Now there is a disadvantage to this approach, and that is you
have to wait for the whole thing to be encrypted before you can
start doing the IO. I'm not sure how big a problem that is but
if it is bad enough to affect performance, we can look into adding
some form of partial completion to the crypto API.

Cheers,
--
Email: Herbert Xu <[email protected]>
Home Page: http://gondor.apana.org.au/~herbert/
PGP Key: http://gondor.apana.org.au/~herbert/pubkey.txt

2016-12-22 10:16:17

by Ofir Drang

[permalink] [raw]
Subject: RE: dm-crypt optimization



-----Original Message-----
From: Herbert Xu [mailto:[email protected]]
Sent: Thursday, December 22, 2016 10:59 AM
To: Binoy Jayan
Cc: Milan Broz; Oded Golombek; Ofir Drang; Arnd Bergmann; Mark Brown; Alasdair Kergon; David S. Miller; [email protected]; [email protected]; [email protected]; Rajendra; Linux kernel mailing list; [email protected]; Shaohua Li; Mike Snitzer
Subject: Re: dm-crypt optimization

On Thu, Dec 22, 2016 at 01:55:59PM +0530, Binoy Jayan wrote:
>>
>> > Support of bigger block sizes would be unsafe without additional
>> > mechanism that provides atomic writes of multiple sectors. Maybe it
>> > applies to 4k as well on some devices though...)
>>
>> Did you mean write to the crypto output buffers or the actual disk write?
>> I didn't quite understand how the block size for encryption affects
>> atomic writes as it is the block layer which handles them. As far as
>> dm-crypt is, concerned it just encrypts/decrypts a 'struct bio'
>> instance and submits the IO operation to the block layer.

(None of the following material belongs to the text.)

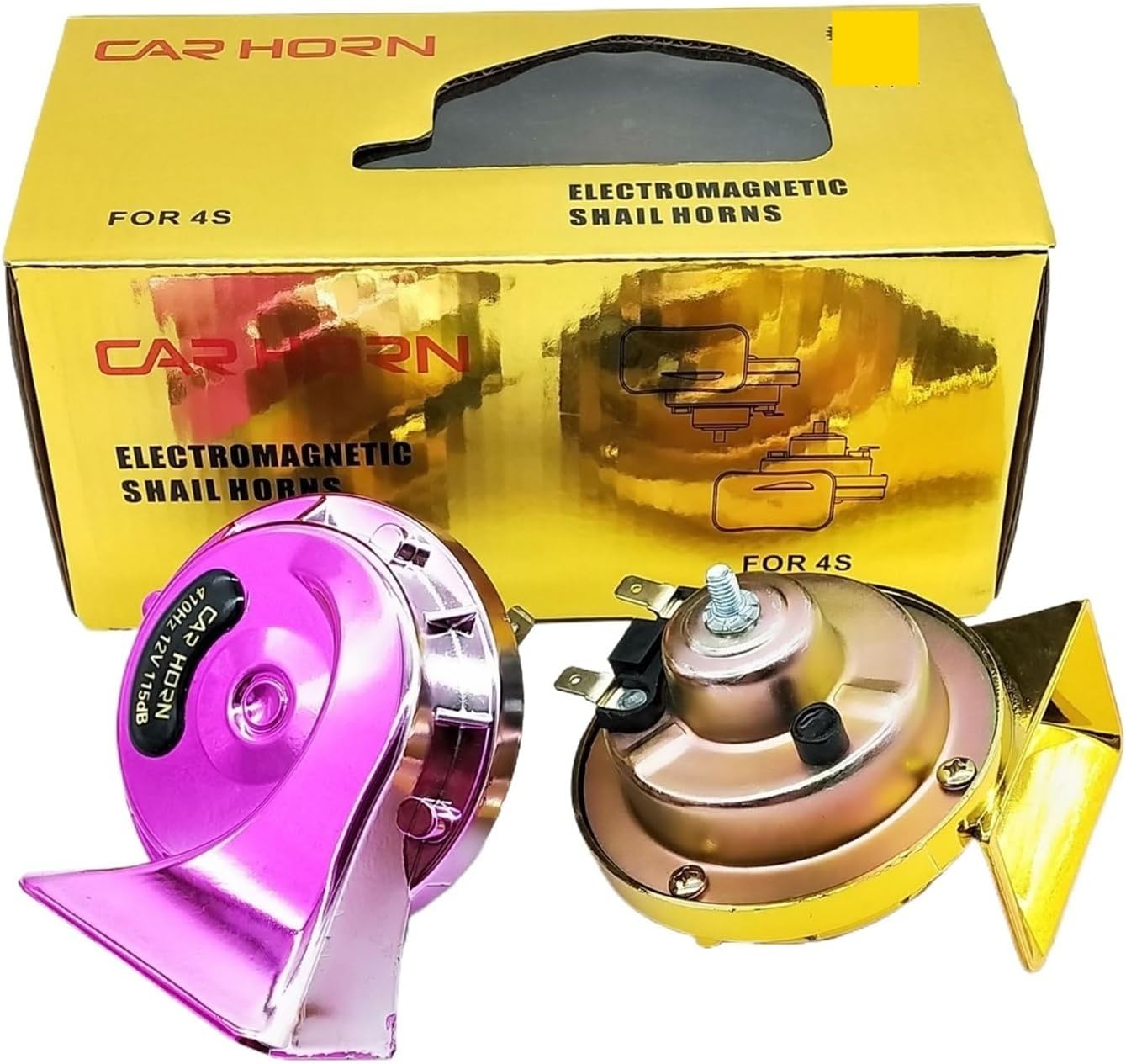 Type: Car snail HornModel: Luxury Gold snail HornType: Snail HornApplicable models: UniversalColor: Local gold, rose gold, silver, blue, redPower supply voltage: 12Power: 50Impedance: 8Sound level: 110Current: 8Voltage: 12Applicable model: Universal

>I think Milan's talking about increasing the real block size, which would obviously require the hardware to be able to write that out atomically, as otherwise it breaks the crypto.
>
>But if we can instead do the IV generation within the crypto API, then the block size won't be an issue at all. Because you can supply as many blocks as you want and they would be processed block-by-block.
>
>Now there is a disadvantage to this approach, and that is you have to wait for the whole thing to be encrypted before you can start doing the IO. I'm not sure how big a problem that is but if it is bad enough to affect performance, we can look into adding >some form of partial completion to the crypto API.
>
>Cheers,

But assuming we have hardware accelerator that know to handle the IV generation for each sector, it will make sense to send out to the hardware the maximum block size as this will allow us to better utilize the hardware and offload the software. So if possible we need to provide generic interface that will be able to optimize the hardware accelerates.

Thx Ofir
--
Email: Herbert Xu <[email protected]> Home Page: http://gondor.apana.org.au/~herbert/
PGP Key: http://gondor.apana.org.au/~herbert/pubkey.txt
IMPORTANT NOTICE: The contents of this email and any attachments are confidential and may also be privileged. If you are not the intended recipient, please notify the sender immediately and do not disclose the contents to any other person, use it for any purpose, or store or copy the information in any medium. Thank you.